*TASK DETAILS*:
Leave the images aside and repeat the whole listing exactly.

*MATERIALS PROVIDED*:
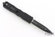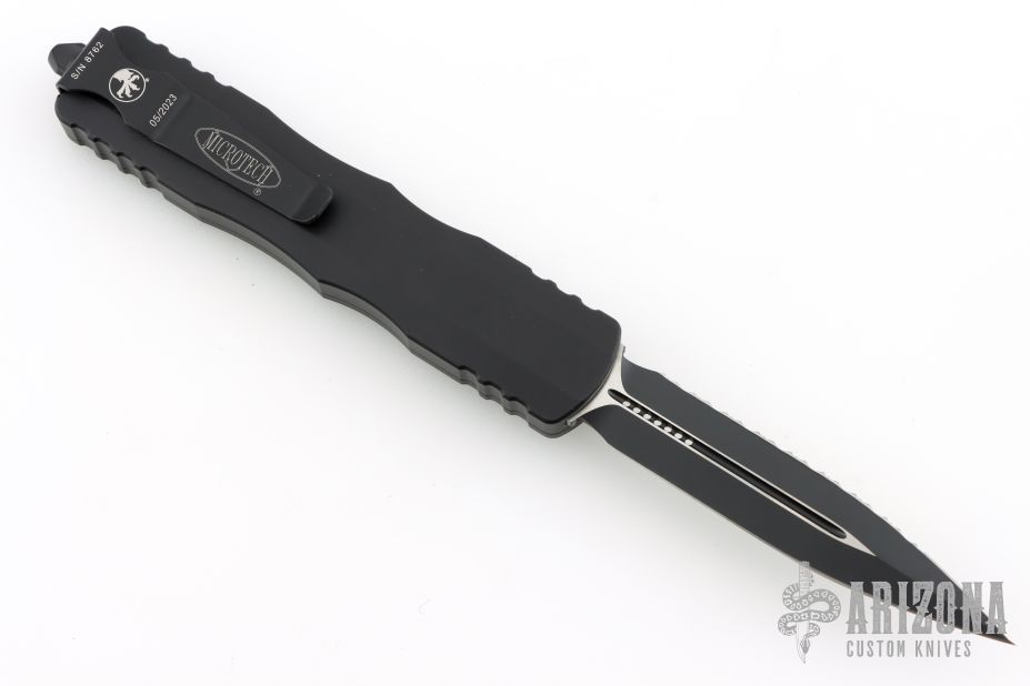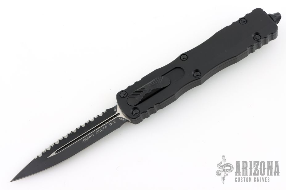This Dirac Delta OTF automatic by Microtech features a D/E DLC finished blade with a fully serrated edge. The handle is DLC aluminum with a stainless steel tip down clip. Serial number 8762 and dated 05/2023. Comes with original box and papers. Excellent condition.
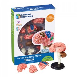 Grades 3 & up. Students can look inside their own heads with this realistic model. The plastic model includes a stand and guide with facts and photo-illustrated assembly instructions. Features cerebellum, frontal, parietal, temporal, and occipital lobes; corpus callosum, brain stem, hippocampus, ventricles, insula, corpus striatum, internal capsule, and lentiform nucleus. Perfect in a nervous system center for a deeper understanding of how the parts of the brain work together. 31-piece model measures 3.8"H when assembled.
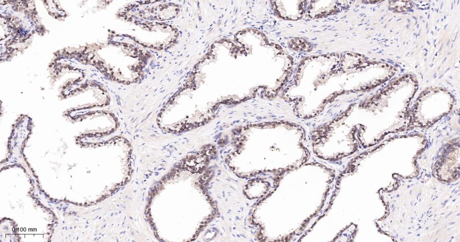 Paraformaldehyde-fixed, paraffin embedded Human Prostate Cancer; Antigen retrieval by boiling in sodium citrate buffer (pH6.0) for 15 min; The section was incubated with PRMT5 Monoclonal Antibody, Unconjugated (bsm-60525R) at 1:200 overnight at 4°C, followed by conjugation to the bs-0295G-HRP and DAB (C-0010) staining.
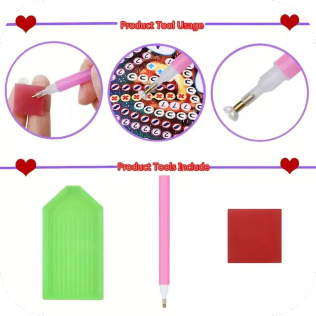 The kit comes with a diamond painting tool that allows you to complete 10 coasters. Find the rhinestones you need according to the numbers/letters on the coaster (the corresponding numbers/letters are marked on the bag) and start making.
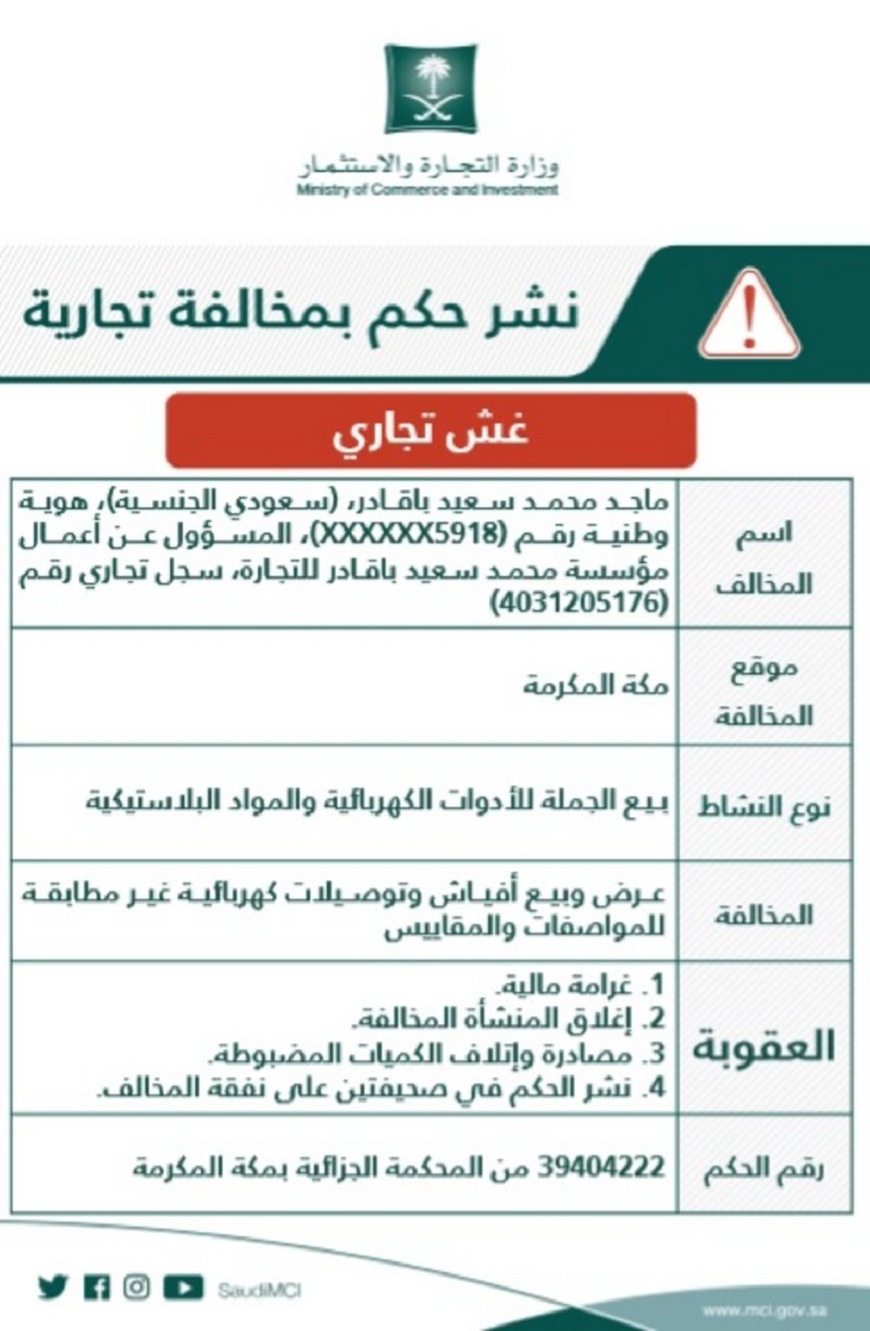 شهَّرت وزارة التجارة والاستثمار، الأربعاء (31 أكتوبر 2018م)، بمؤسسة تختص بتجارة بيع الجملة للأدوات الكهربائية والمواد البلاستيكية بمكة المكرمة؛ وذلك بعد صدور حكم قضائي بإدانة المسؤول عنها، وثبوت تورطه في عرض وبيع منتجات كهربائية غير مطابقة للمواصفات والمقاييس المعتمدة، وهو ما يعد غشًّا وتضليلاً للمشتري، ويشكِّل استخدامها خطرًا على سلامة المستهلكين.
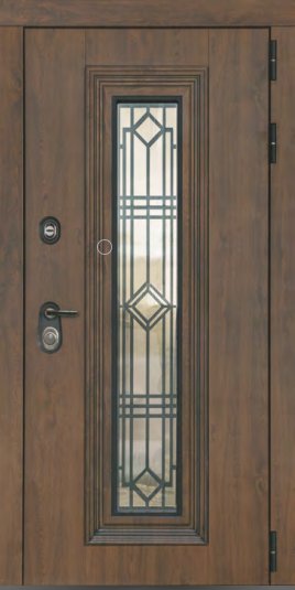 Цвет металла: Черный муар Внешняя отделка: МДФ панель 16 мм влагостойкая Дуб медовый + черная патина Декоративные МДФ наличники.

*RESPONSE FOR THIS EXERCISE*:
This Dirac Delta OTF automatic by Microtech features a D/E DLC finished blade with a fully serrated edge. The handle is DLC aluminum with a stainless steel tip down clip. Serial number 8762 and dated 05/2023. Comes with original box and papers. Excellent condition.
 Grades 3 & up. Students can look inside their own heads with this realistic model. The plastic model includes a stand and guide with facts and photo-illustrated assembly instructions. Features cerebellum, frontal, parietal, temporal, and occipital lobes; corpus callosum, brain stem, hippocampus, ventricles, insula, corpus striatum, internal capsule, and lentiform nucleus. Perfect in a nervous system center for a deeper understanding of how the parts of the brain work together. 31-piece model measures 3.8"H when assembled.
 Paraformaldehyde-fixed, paraffin embedded Human Prostate Cancer; Antigen retrieval by boiling in sodium citrate buffer (pH6.0) for 15 min; The section was incubated with PRMT5 Monoclonal Antibody, Unconjugated (bsm-60525R) at 1:200 overnight at 4°C, followed by conjugation to the bs-0295G-HRP and DAB (C-0010) staining.
 The kit comes with a diamond painting tool that allows you to complete 10 coasters. Find the rhinestones you need according to the numbers/letters on the coaster (the corresponding numbers/letters are marked on the bag) and start making.
 شهَّرت وزارة التجارة والاستثمار، الأربعاء (31 أكتوبر 2018م)، بمؤسسة تختص بتجارة بيع الجملة للأدوات الكهربائية والمواد البلاستيكية بمكة المكرمة؛ وذلك بعد صدور حكم قضائي بإدانة المسؤول عنها، وثبوت تورطه في عرض وبيع منتجات كهربائية غير مطابقة للمواصفات والمقاييس المعتمدة، وهو ما يعد غشًّا وتضليلاً للمشتري، ويشكِّل استخدامها خطرًا على سلامة المستهلكين.
 Цвет металла: Черный муар Внешняя отделка: МДФ панель 16 мм влагостойкая Дуб медовый + черная патина Декоративные МДФ наличники.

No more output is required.